On World Hepatitis Day (28 July) the World Health Organization highlights the urgent need for countries to enhance action to prevent viral hepatitis infection and to ensure that people who have been infected are diagnosed and offered treatment. This year, the Organization is focusing particularly on hepatitis B and C, which together cause approximately 80% of all liver cancer deaths and kill close to 1.4 million people every year.
WHO is alerting people to the risks of contracting hepatitis from unsafe blood, unsafe injections, and sharing drug-injection equipment. Some 11 million people who inject drugs have hepatitis B or C infection. Children born to mothers with hepatitis B or C and sex partners of people with hepatitis are also at risk of becoming infected.
The Organization emphasizes the need for all health services to reduce risks by using only sterile equipment for injections and other medical procedures, to test all donated blood and blood components for hepatitis B and C (as well as HIV and syphilis) and to promote the use of the hepatitis B vaccine. Safer sex practices, including minimizing the number of partners and using barrier protective measures (condoms), also protect against transmission.
Approximately, two million people a year contract hepatitis from unsafe injections. These infections can be averted through the use of sterile syringes that are specifically designed to prevent reuse.
Eliminating unnecessary injections is also an effective strategy to protect against hepatitis transmission. There are 16 billion injections administered every year. Around 5% of these injections are for immunization, a further 5% for procedures like blood transfusions and injectable contraceptives, and the remaining 90% to administer medicines. For many diseases, injections are not the first recommended course of treatment and oral medications could be used.
WHO recommends vaccinating all children against hepatitis B infection, from which approximately 780 000 people die each year. A safe and effective vaccine can protect from hepatitis B infection for life. Ideally, the vaccine should be given as soon as possible after birth, preferably within 24 hours. The birth dose should be followed by 2 or 3 doses to complete the vaccine series.
WHO also recommends vaccinating adults who are at increased risk of acquiring hepatitis B. These include people who frequently require blood or blood products (for example dialysis patients), health-care workers, people who inject drugs, household and sexual contacts of people with chronic hepatitis B, and people with multiple sexual partners.
Since 1982, over 1 billion doses of hepatitis B vaccine have been used worldwide and millions of future deaths from liver cancer and cirrhosis have been prevented. In a number of countries where around 1 in 10 children used to become chronically infected with the hepatitis B virus, vaccination has reduced the rate of chronic infection to less than 1 in 100 among immunized children. To date, there is no available vaccine against hepatitis C.
Medicines are now available that can cure most people with hepatitis C and control hepatitis B infection. People who receive these medicines are much less likely to die from liver cancer and cirrhosis and much less likely to transmit the virus to others. WHO therefore urges people who think they might have been exposed to hepatitis to get tested so they can find out whether they need treatment to improve their own health and reduce the risk of transmission.

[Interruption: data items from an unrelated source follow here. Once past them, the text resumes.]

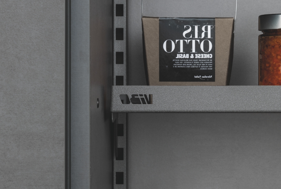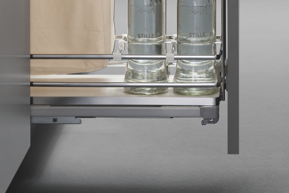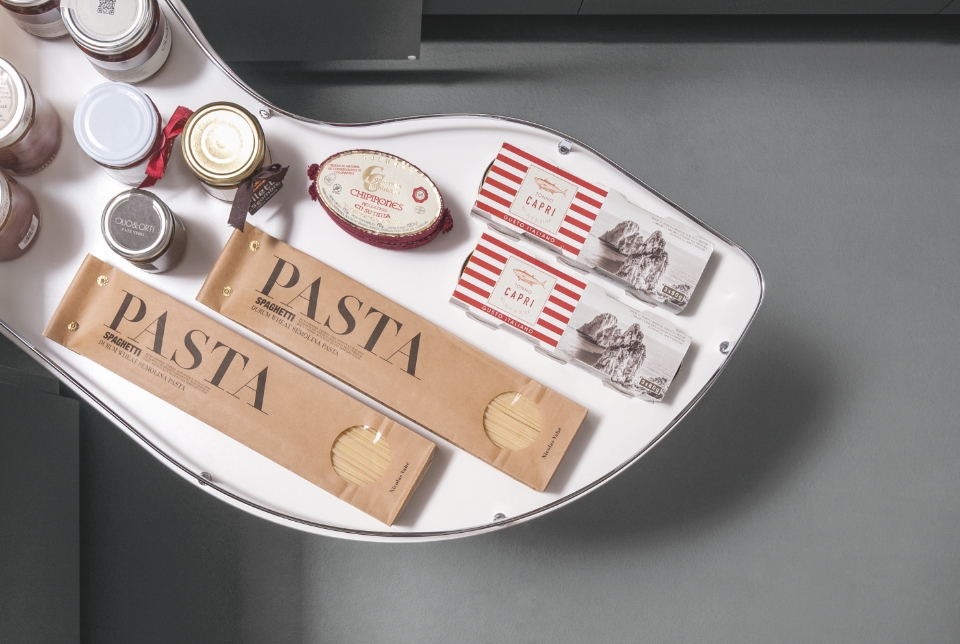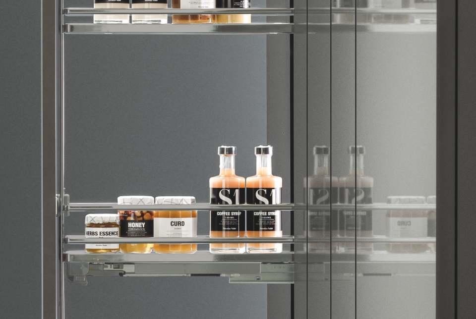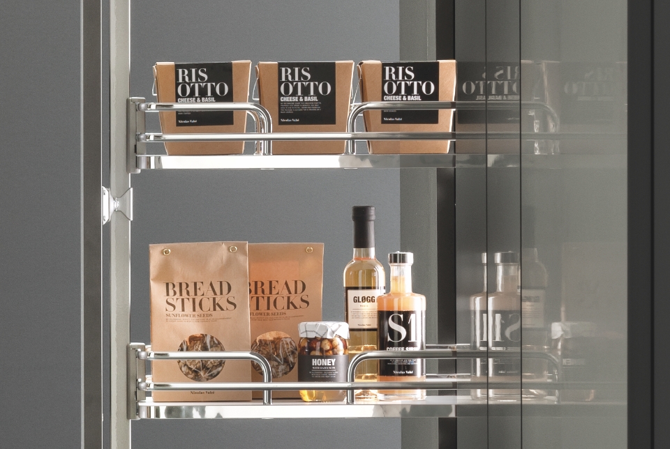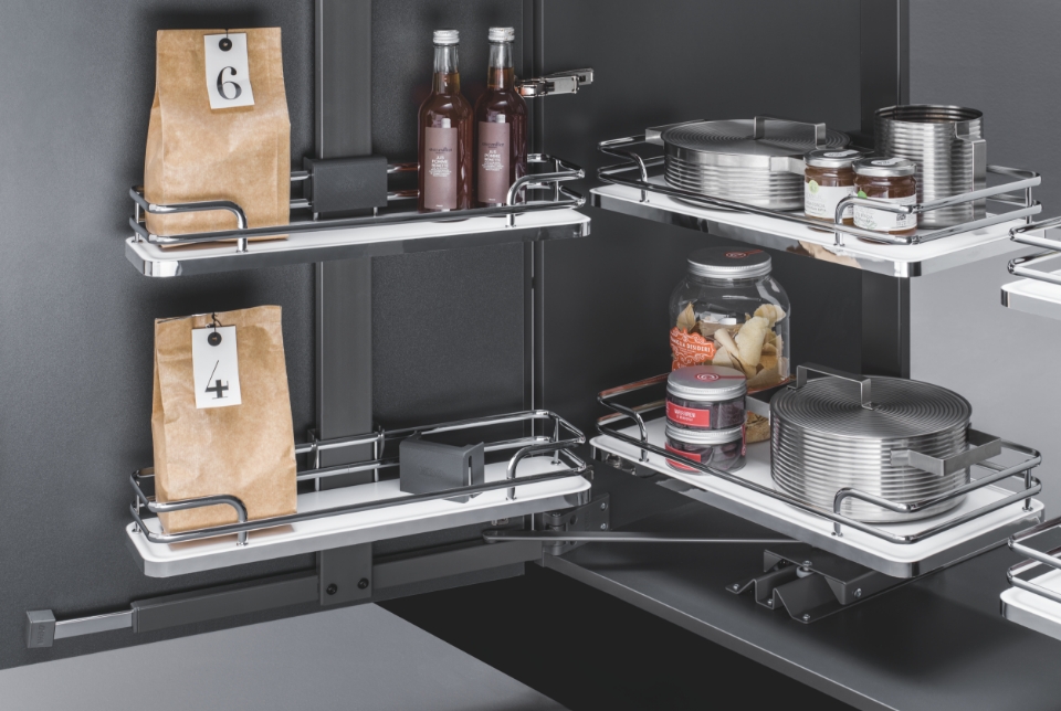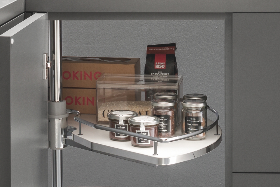 Grazie ai girelli, gli sprechi di spazio all'interno dei mobili angolari della cucina vengono ridotti al minimo. Disponibili in diverse forme, in questo caso una circonferenza di tre quarti, garantiscono la completa personalizzazione in termini di modulistica e gamme prodotto. Offrono comodità non solo nella fruizione di ciò che viene stoccato e conservato al loro interno, ma anche nel montaggio stesso, in particolare grazie al loro sistema "fast block".
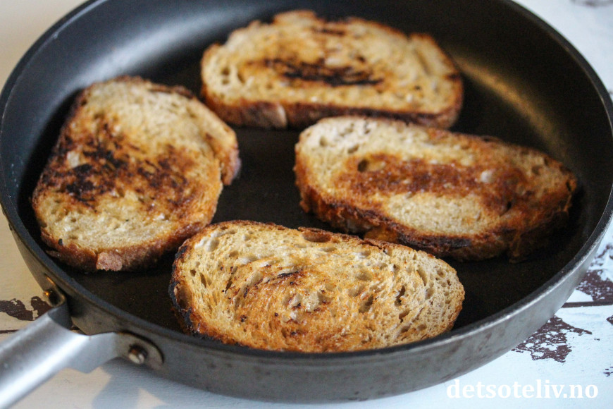 Stek skiver av brød i stekepanne på begge sider. Bruk olivenolje i pannen slik at brødskivene blir skikkelig sprø.
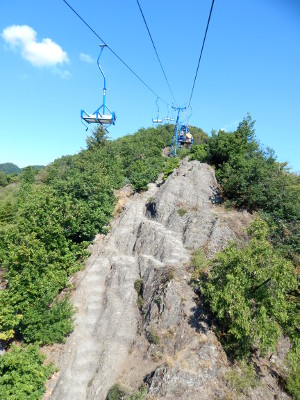 Wanderer klettern die Ripp hinauf. Dabei handelt es sich um einen steilen Felsen des Rheinischen Schiefergebirges, in dem an den schwierigsten Stellen Stufen zu erkennen sind. Als Kind war mir bei der Überwindung der Stützen der Seilbahn etwas mulmig, da es ein bisschen ruckelte. Heute ist davon nichts mehr zu spüren.

Earlier this year, WHO issued new guidelines for treatment of hepatitis B infection. These recommend using simple non-invasive tests to assess the stage of liver disease to help identify who needs treatment. WHO also calls for prioritizing treatment for those with cirrhosis - the most advanced stage of liver disease and for the use of two safe and highly effective medicines, tenofovir or entecavir. Continued monitoring using simple tests is important to assess whether treatment is working, and if it can be stopped.
In 2014, WHO issued guidance for testing and treatment of hepatitis C infection. WHO recommends providing testing for people considered at high risk of infection and ensuring treatment for those who have the virus with several effective medicines, including new regimens that use only oral medicines. WHO will update recommendations on drug treatments periodically as new antiviral medicines become available and as new evidence emerges.
This year, WHO’s flagship event takes place in Egypt, a country that has one of the world’s highest hepatitis burdens. It is estimated that 10% of the population between 15 and 59 years is chronically infected with hepatitis C. Between 2007 and 2014, more than 350 000 people with hepatitis C have been treated. Since the introduction of newer, more effective medicines in 2014, the number of people being treated continues to increase. Today, 32 dedicated treatment centres are providing treatment at the Government’s expense.
Egypt is also highlighting hepatitis prevention. WHO is helping the country develop national blood safety standards and has selected it as one of 3 pilot countries for its new Global Injection Safety Initiative. WHO will provide support over the next 3 years to reduce unnecessary injections and help transition to the exclusive use of syringes that can only be used once.
In September this year, countries will have the opportunity to share best practice at the first-ever World Hepatitis Summit to be held in Glasgow, Scotland. The summit, which is co-sponsored by WHO, the Scottish Government and the World Hepatitis Alliance, aims to raise the global profile of viral hepatitis, to create a platform for exchange of country experiences and to focus on working with countries to develop national action plans.